By 1977, West and his wife had begun raising the last of ten children.
In 1979, he was accepted as the 379th member of the International Society of Lymphology (ISL); the first non-medical doctor to become a member of that group, and subsequently was able to give five presentations over the course of several years at these medical congresses. He would end up lecturing in five to six cities per week on a "no charge basis" for at least seventeen years teaching what he deemed to be "Seven Major Discoveries" related to the life process, the death process, and the healing process at the cell level.
In 1980, West wrote a 31-step equation he titled the "Formula for Life and Death at the Cell Level", based on the blood-protein research which he had learned at that time for the purpose of validating and emphasizing the role of the lymphatic system and its overall importance in effectuation for the sake of preventing, eliminating and if possible even reversing pain, degenerative disease, and premature death. He then founded the International Academy of Lymphology for the purpose of educating the general public, and produced a book entitled The Golden Seven Plus One. There are now hundreds of recorded presentations on audio or video, and many other manuscripts produced as a result of his work.
In 1984, he began to struggle against some legal proceedings of the IRS. His children recall many nights when he stayed awake typing his responses to letters he had received from this privately owned entity. By 1995 West began to stay home more often to finish raising his family and defend himself from the IRS legal suits.

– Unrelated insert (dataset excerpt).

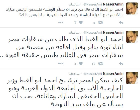 وتساءل -عبر عدة تغريدات له على “تويتر”-: “كيف يمكن لمصر ترشيح أحمد أبو الغيط، وزير الخارجية الأسبق، لجامعة الدول العربية، وهو الحامي الحقيقي لمبارك وعائلته، يجب أن يُسأل عن ملف سد النهضة”.

Then on April 29, 2004 he gave his first and last oral argument in Judge Alba's Court room in Salt Lake City. Immediately following the heel of his foot was caught at the base of the railing as he began to lean on it. The railing was not secured to the floor, and West fell and hit his head on the foot of the bench located to his rear. His scalp required four staples to stitch it together where he had been injured. Within four days, he suffered a major stroke in his sleep, was partially paralyzed and submitted to Utah Valley Hospital in Provo. During the course of his ordeal West was experimented on with artificial blood and subjected to every standard method or protocol of today's medical system that he had ironically spent his life preaching against and lasted over four months before he died.
After he died the courts ruled against West in favor of the IRS for the full amount that had been assessed using guidelines that can be automatically imposed on anyone who refuses to file a tax return.
His legacy in regards to natural health care lives on through the International Academy of Lymphology (currently presided over by his son Karl) that he founded, Clarity University (founded and owned by his son Stephen), Mindset Influence (youngest son Daniel) and numerous numbers of his students.